Many homeowners are suffering through the current economy. When you’re trying to save
money, you’re more likely to opt for a repair to your HVAC system than an actual replacement. A
new HVAC system is a large expense that can make you cringe at the thought.
Good news is on the horizon, though, and you can save money through federal tax credits,
which we know you’ll love.
The quick version of the opportunity is Washington wants homeowners to shift away from other
fuels, such as gas or oil, to electricity and to replace low-efficiency electric systems with the
highest-efficiency systems available. A long-term replacement will be a better option than a
short-term repair, and the savings will be significant for you.
The Feds have changed the well-known SEER efficiency calculation to SEER2 to better reflect
the new equipment and manufacturers are currently building and stocking the new product.

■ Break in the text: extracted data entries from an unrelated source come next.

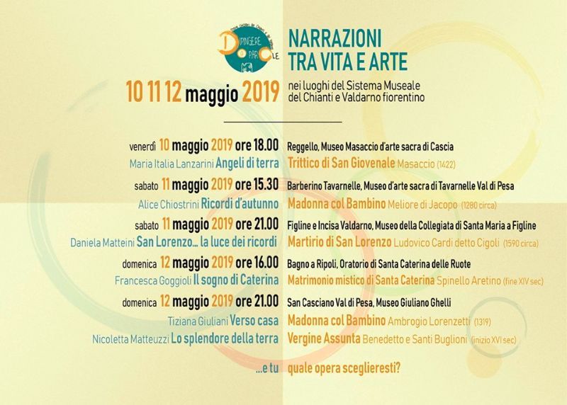 Da Venerdì 10 a Domenica 12 Maggio si terrà un’interessante manifestazione culturale dal titolo "Dipingere a parole. Storie circolari del Chianti e del Valdarno" un progetto vincitore del bando Musei in Azione 2019 - Regione Toscana.
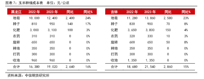 2023年4月23日到27日期间对黑龙江,吉林,辽宁内蒙部分地区的种粮户,种肥经销商,贸易商等327个样本进行了走访调研。2023年黑龙江吉林地区种植成本每公顷达到1.9-2.2万元,同比提升约16%,主要来自于地租上涨,上涨幅度约为2400-2600元/公顷,同比上涨约23%;种子化肥等成本也有一定增长。基于调研样本反馈的成本情况,预测2023年产的玉米集港成本约为2450-2650元/吨。
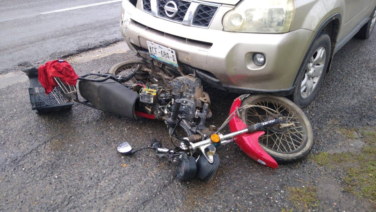 El conductor de la motocicleta, un menor de 16 años de edad, al salir del camino de terracería en sentido de oriente a poniente intenta incorporarse a la carretera en sentido de norte a sur sin tomar las debidas precauciones y es impactado por una camioneta marca Nissan tipo XTrail.

The 25(C) Federal tax credit handled by the EPA’s Energy Star initiative has been expanded to
offer up to $3,200 in tax credits to offset the cost of the higher-efficiency equipment. As an
example, a dual fuel system with a 16 SEER2 heat pump combined with a 97 percent efficient
furnace qualifies for up to $2,600 off a homeowner’s tax liability.
This tax credit is available year after year for energy-efficiency-minded homeowners like you
who continue to make energy-efficiency improvements. Additionally, your utility company may
match or exceed the federal standard, decreasing your cost.
You’ll get an improved HVAC system for less money, which will make you very happy, especially
when you determine that your power bill may improve with the new equipment.
The new program is a great opportunity for you to get some much-needed upgrades to your
HVAC efficiency and save money that you can spend elsewhere.